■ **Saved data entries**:

━━━

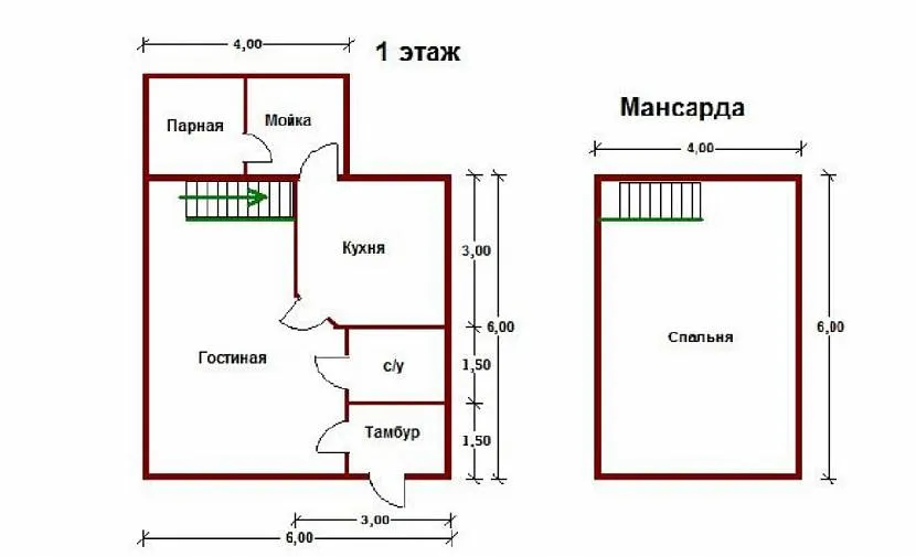 В первом случае парная и моечная являются основными помещениями, которые располагаются на первом этаже строения, и дополняется комнатой отдыха на втором.
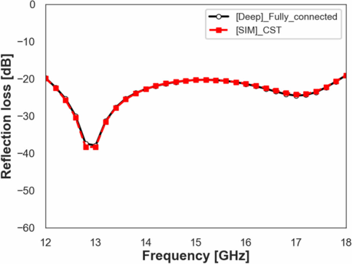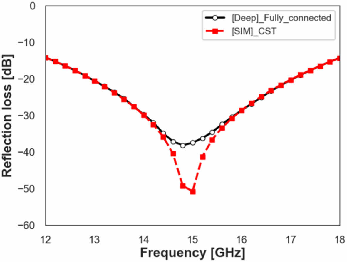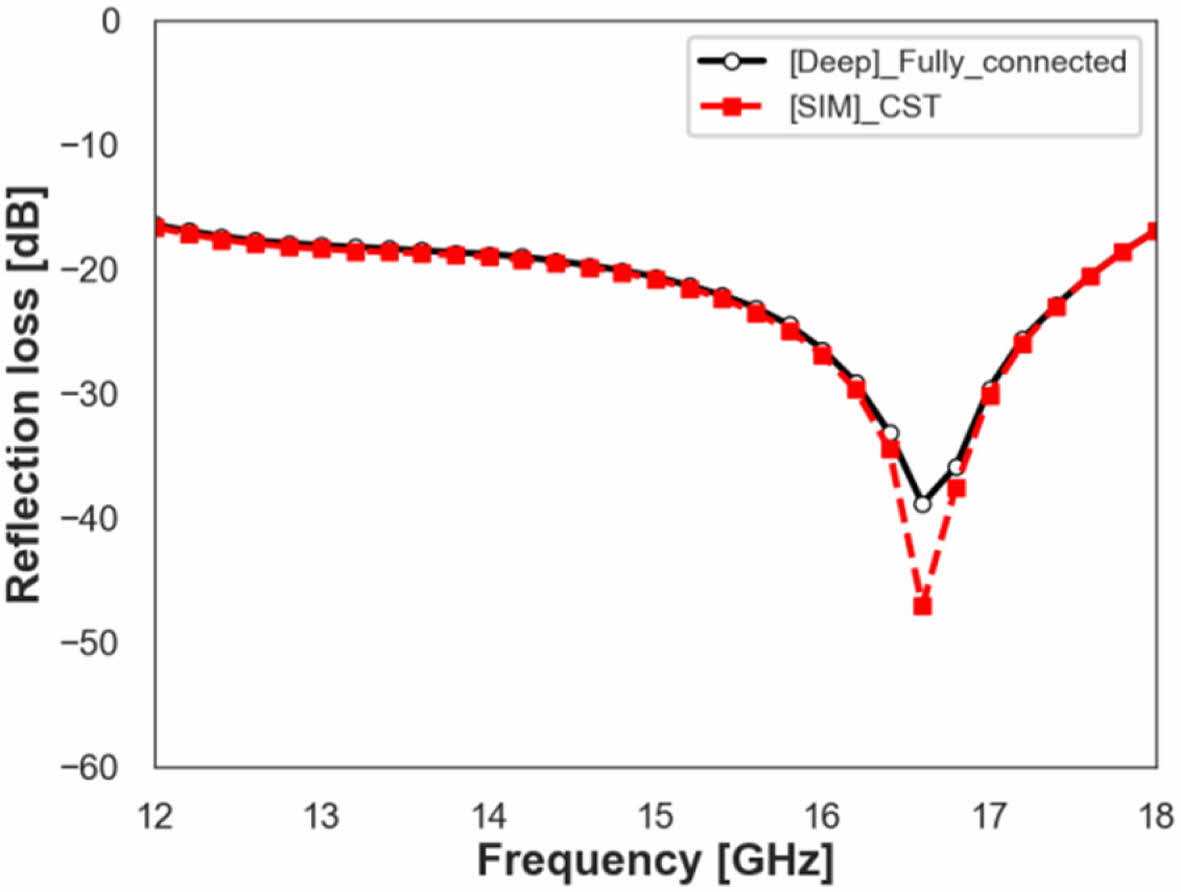 Fully-Connected 모델의 활용을 위해서 단일 주파수 대역에서 최적의 전파 흡수 성능을 보여주는 전파 흡수 구조 설계가 가능한지 확인해 보았다. Fig. 12, 13은 해당 모델을 활용해서 각각 15 GHz, 16.5 GHz에서 최적의 전파 흡수 성능을 보여주는 패턴 형상 값을 찾고, 해당 패턴 형상에서 모델을 이용해서 얻은 전파 흡수 성능 예측 결과와 CST 해석 결과를 비교한 것이다. 15 GHz 최적 설계 형상은 D 값 7.8, XD 값 0.7, WX 값 0.2이고, 16.5 GHz 최적 설계 형상은 D 값 7.8, XD 값 0.76, WX 값 0.2이다. Fig. 12, 13에서 볼 수 있듯 Peak 지점의 세기에서는 약간의 차이가 있으나 그 경향성 및 공진주파수는 정확히 예측이 가능한 것을 확인할 수 있었다.
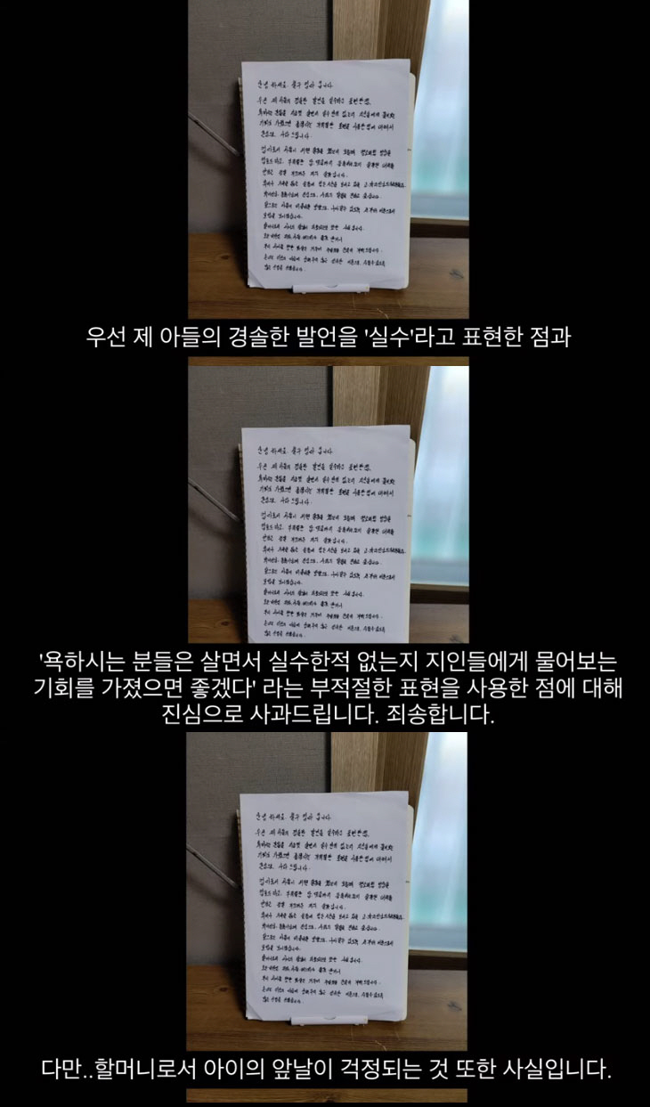 이어 자막을 통해 "영상으로는 저의 진심을 표현하기가 어려울 것 같아서, 자필편지로 사과 드리려고 한다"며 사과문을 공개했다.
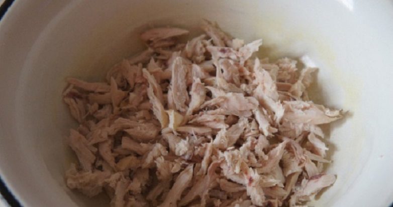 Нарежь курицу небольшими кубиками или порви на волокна. Выложи в глубокую миску.
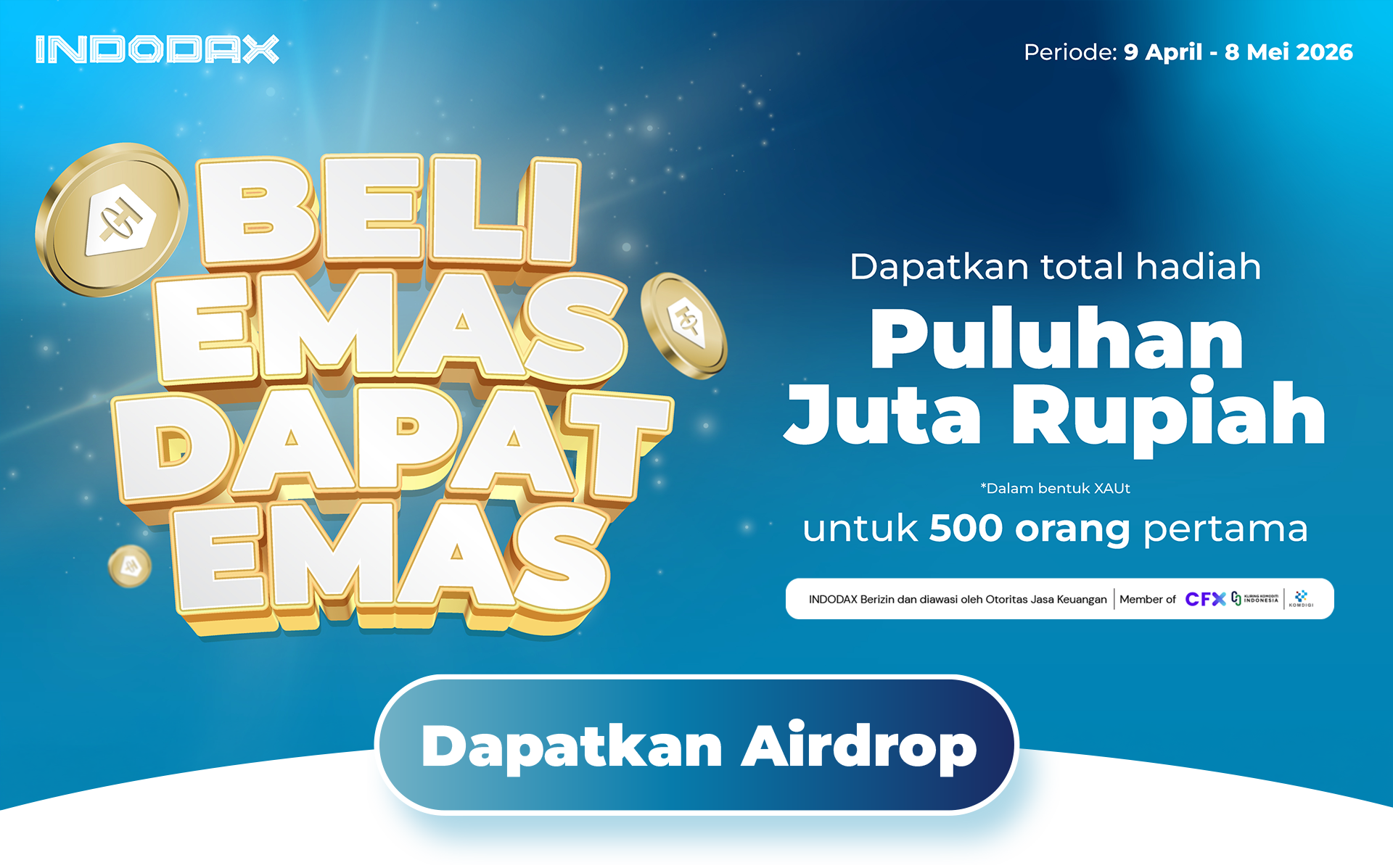 INDODAX menghadirkan kesempatan eksklusif bagi pengguna yang belum pernah membeli Tether Gold (XAUt) sebelumnya. Total hadiah senilai IDR 84.781.475  dalam bentuk XAUt siap dibagikan melalui airdrop langsung ke dompet Indodax Anda!
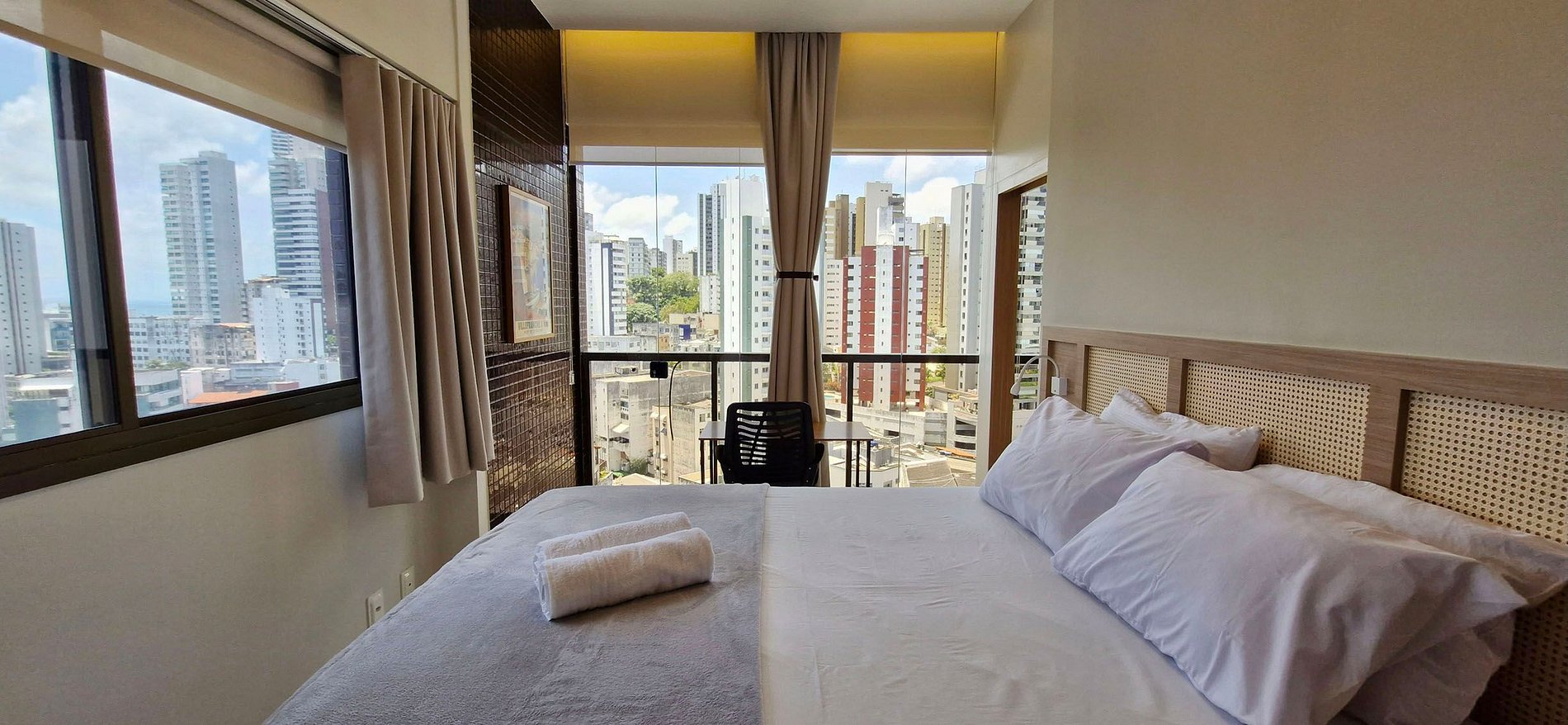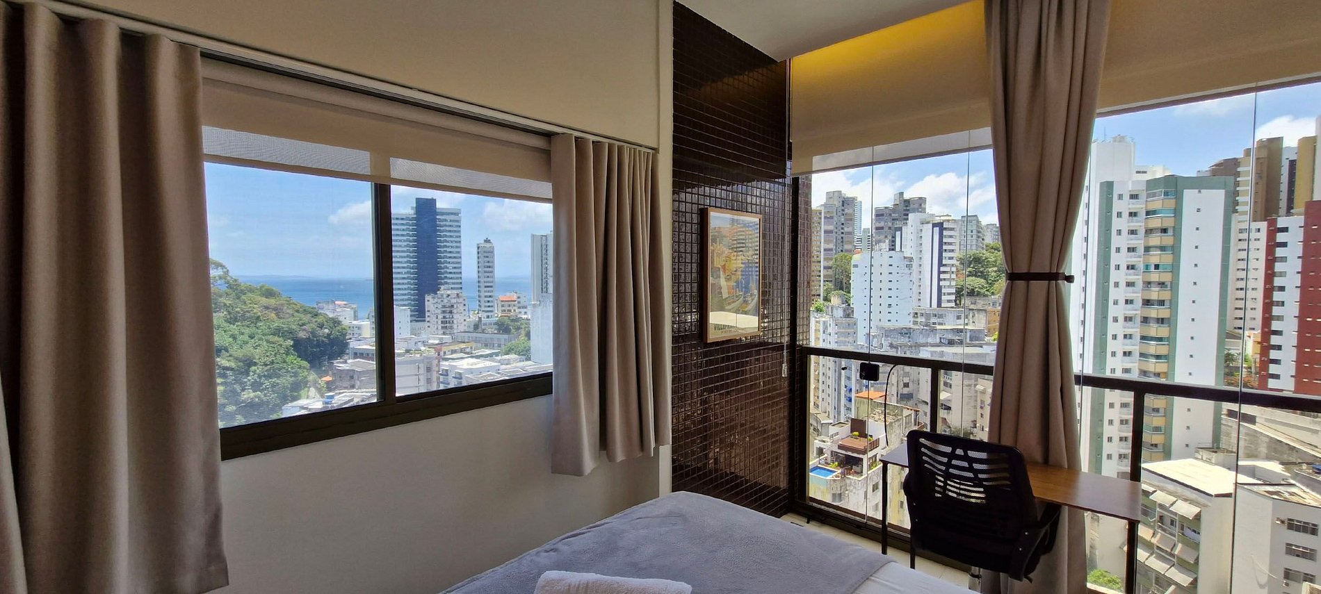 Lindo apartamento quarto e sala em rua tranquila e super bem localizada. A 800m da praia do Porto da Barra, 700m do Hospital Português e 1 km do Shopping Barra! Sala de estar com ar condicionado de teto, sofá, mesa e cadeiras, SMART TV, WI-FI, suíte com cama de casal, mesa de trabalho e ar condicionado split, cozinha completa. Prédio com piscina na cobertura, academia, sala de coworking, garagem rotativa e recepção 24hs. Inesquecível!
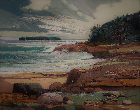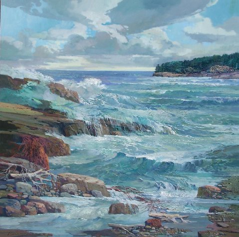 Maine's rocky and wild coast continues to be a favorite scenario for this prolific painter, who is a native New Englander. Sisson visits New England annually to soak in the moist salty air and play in the ever fascinating tide pools that hug the shoreline. He loves studying the unusual textures of coastal pebbles and likes to think people are beach-combing through his paintings and discovering the many shore inhabitants he has uncovered.
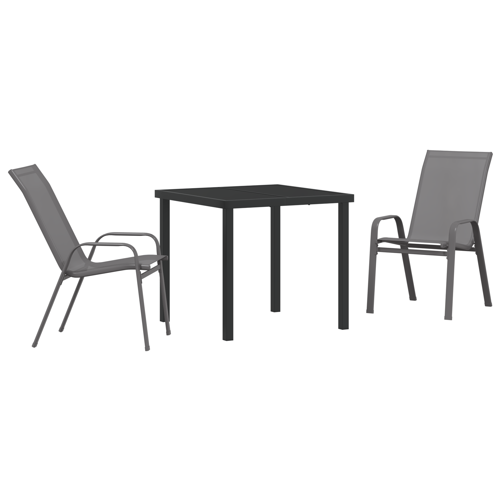 Dette 3-delte hage dining settet handler om stilig utendørsliv, hvor stil møter funksjonalitet. Den moderne grå stål-designen hever atmosfæren i hvilket som helst utendørsområde, samtidig som den gir komfortable seter for måltider, avslapning eller bare for å nyte frisk luft.
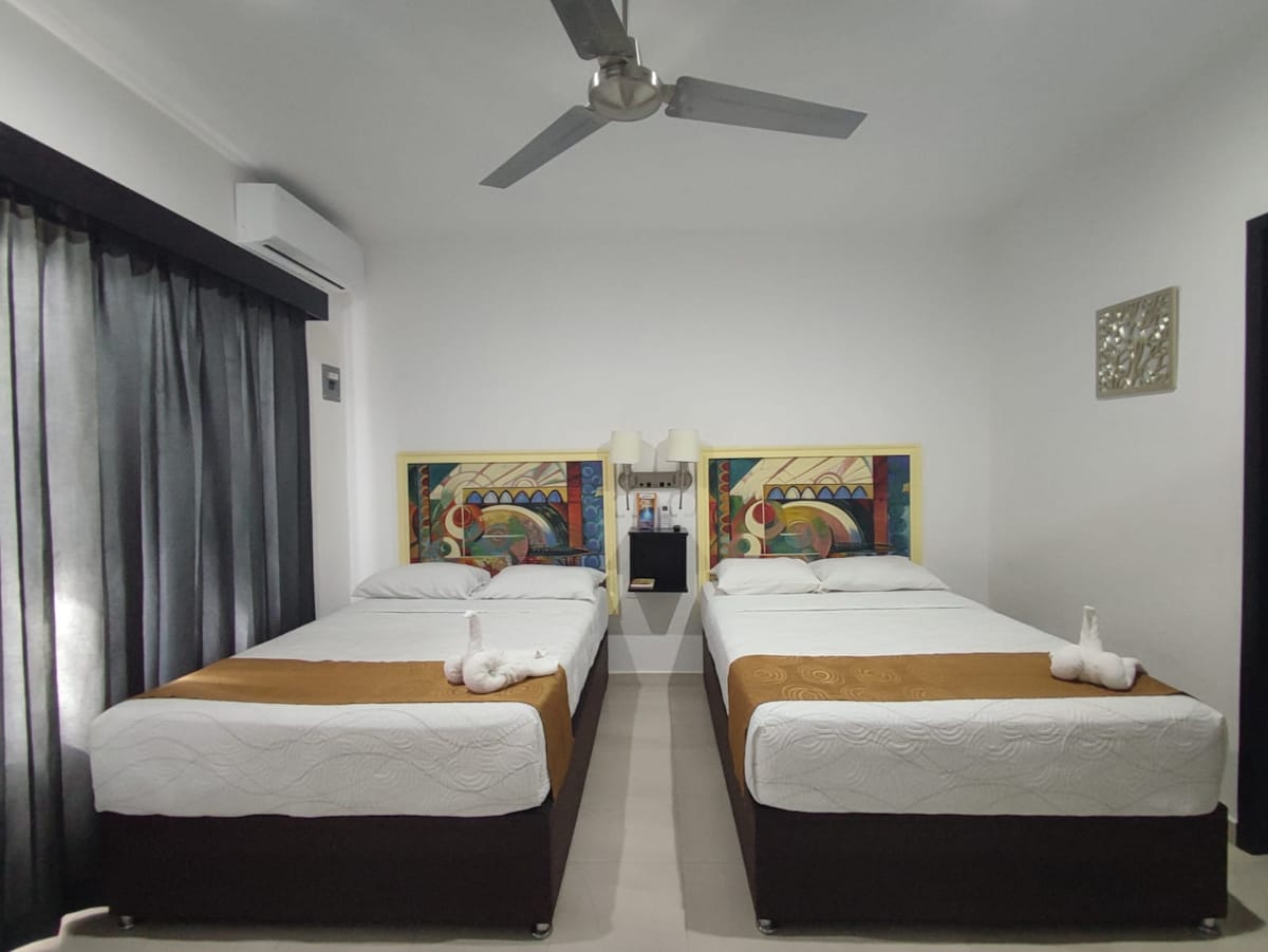 Amplias y cómodas para vivir una experiencia “KIIN WAYEB” Nuestras habitaciones más exclusivas están diseñadas para ofrecerte una experiencia inolvidable, donde el confort y el lujo se fusionan con el encanto de la cultura yucateca. Estas habitaciones están equipadas con dos cómodas camas matrimoniales, donde podrás descansar y despertar renovado, escritorio, Smart TV, Aire Acondicionado, Agua Caliente y una Hamaca para descansar por las tardes al clásico estilo yucateco.

━━━

■ **Exercise instructions**: Output the data above exactly, beginning at its first line and ending with the line that holds "Dette 3-delte hage". Leave out the pictures and add nothing.

■ **Problem solution**:
 В первом случае парная и моечная являются основными помещениями, которые располагаются на первом этаже строения, и дополняется комнатой отдыха на втором.
 Fully-Connected 모델의 활용을 위해서 단일 주파수 대역에서 최적의 전파 흡수 성능을 보여주는 전파 흡수 구조 설계가 가능한지 확인해 보았다. Fig. 12, 13은 해당 모델을 활용해서 각각 15 GHz, 16.5 GHz에서 최적의 전파 흡수 성능을 보여주는 패턴 형상 값을 찾고, 해당 패턴 형상에서 모델을 이용해서 얻은 전파 흡수 성능 예측 결과와 CST 해석 결과를 비교한 것이다. 15 GHz 최적 설계 형상은 D 값 7.8, XD 값 0.7, WX 값 0.2이고, 16.5 GHz 최적 설계 형상은 D 값 7.8, XD 값 0.76, WX 값 0.2이다. Fig. 12, 13에서 볼 수 있듯 Peak 지점의 세기에서는 약간의 차이가 있으나 그 경향성 및 공진주파수는 정확히 예측이 가능한 것을 확인할 수 있었다.
 이어 자막을 통해 "영상으로는 저의 진심을 표현하기가 어려울 것 같아서, 자필편지로 사과 드리려고 한다"며 사과문을 공개했다.
 Нарежь курицу небольшими кубиками или порви на волокна. Выложи в глубокую миску.
 INDODAX menghadirkan kesempatan eksklusif bagi pengguna yang belum pernah membeli Tether Gold (XAUt) sebelumnya. Total hadiah senilai IDR 84.781.475  dalam bentuk XAUt siap dibagikan melalui airdrop langsung ke dompet Indodax Anda!
 Lindo apartamento quarto e sala em rua tranquila e super bem localizada. A 800m da praia do Porto da Barra, 700m do Hospital Português e 1 km do Shopping Barra! Sala de estar com ar condicionado de teto, sofá, mesa e cadeiras, SMART TV, WI-FI, suíte com cama de casal, mesa de trabalho e ar condicionado split, cozinha completa. Prédio com piscina na cobertura, academia, sala de coworking, garagem rotativa e recepção 24hs. Inesquecível!
 Maine's rocky and wild coast continues to be a favorite scenario for this prolific painter, who is a native New Englander. Sisson visits New England annually to soak in the moist salty air and play in the ever fascinating tide pools that hug the shoreline. He loves studying the unusual textures of coastal pebbles and likes to think people are beach-combing through his paintings and discovering the many shore inhabitants he has uncovered.
 Dette 3-delte hage dining settet handler om stilig utendørsliv, hvor stil møter funksjonalitet. Den moderne grå stål-designen hever atmosfæren i hvilket som helst utendørsområde, samtidig som den gir komfortable seter for måltider, avslapning eller bare for å nyte frisk luft.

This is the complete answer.